The stakes

Attackers do not read org charts. They scan everything that points back to a company. When that scan finds a forgotten server inside a subsidiary the parent's security team did not know it owned, you have a breach. A lot of ransomware stories start in exactly that gap.

The gap exists because most companies do not have an honest picture of their own group. After a few acquisitions, a regional restructure, and a decade of joint ventures, the official asset inventory and the real footprint stop matching. The security team scans what it knows about. The attacker scans what is actually there.

The mandate

watchTowr runs Preemptive Exposure Management for banks, governments, telecoms, and other organisations where a single overlooked asset can become the front-page incident. To do the work credibly, they have to see what the attacker sees. The full external footprint of the customer, including the parts the customer forgot about.

That means starting at the right level. Not just the parent legal entity. Every subsidiary, every regional office, every recent acquisition, anywhere in the world. The corporate tree has to come first. The asset discovery sits on top of it.

What we supply

The corporate tree.
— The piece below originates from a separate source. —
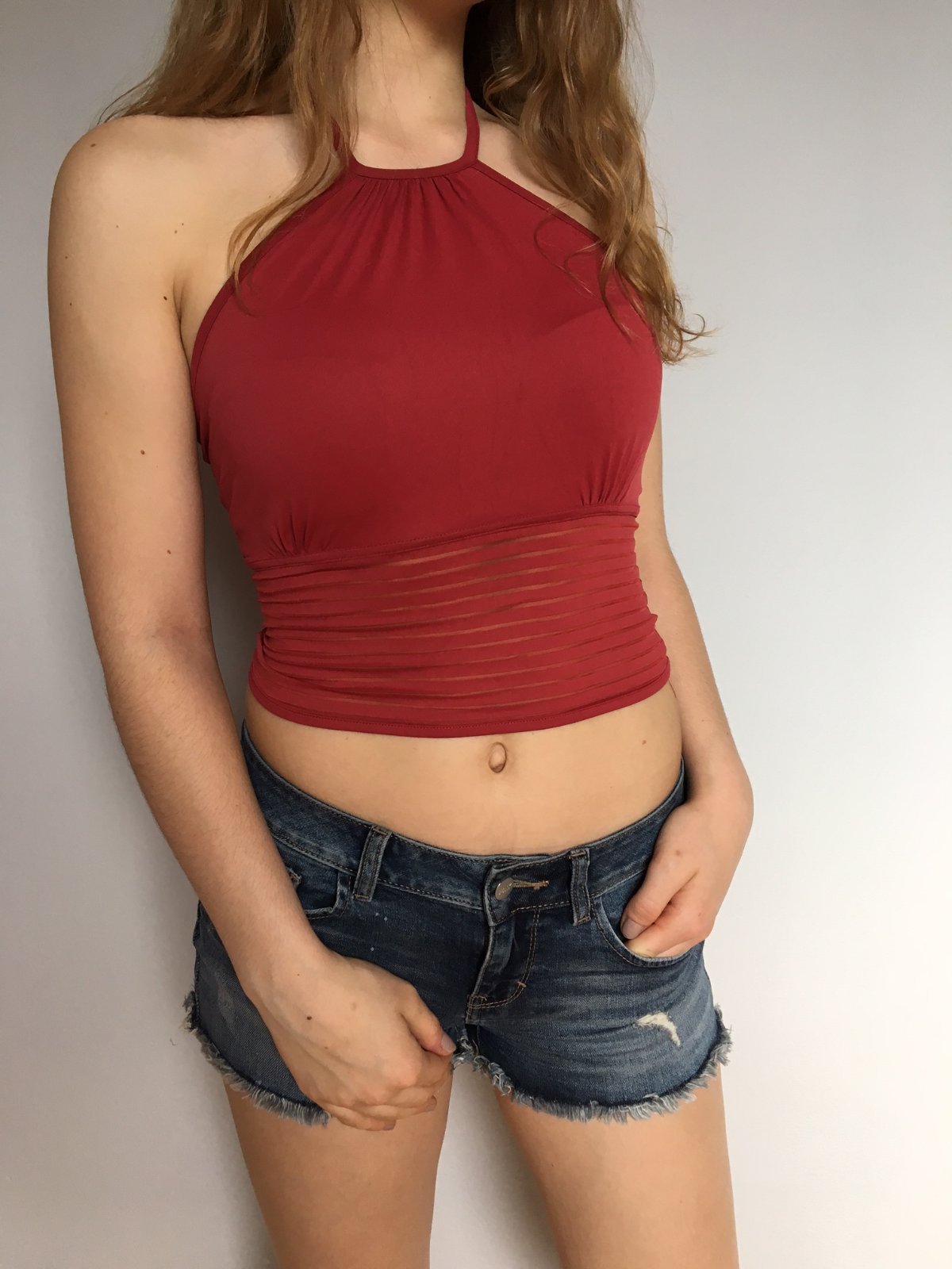 Vínový (290 Kč) - super stav; zavazování kolem krku - holá záda.

Through our Corporate Structure API, watchTowr resolves any customer into its full group hierarchy, sourced from official registries country by country. Local headquarter, national headquarter, global ultimate parent. Subsidiaries and branches resolved across borders, into one structure.

When a multinational signs up, that one API call can return thousands of group entities across dozens of countries. Every one of them is a potential attack surface, and every one of them is now in scope for the scanner.

What changed

watchTowr's customers stop discovering they own things after the breach. The acquired startup with the exposed Jenkins box, the regional office still running an old VPN appliance, the dormant subsidiary nobody patched. All of it visible from day one, because the corporate tree underneath is complete.

For watchTowr itself, the corporate map is the part of the stack they do not have to build or maintain. They focus on detection, validation, and response. We keep the org chart honest.

Why it matters

You cannot defend the assets you do not know you own. We make sure you know.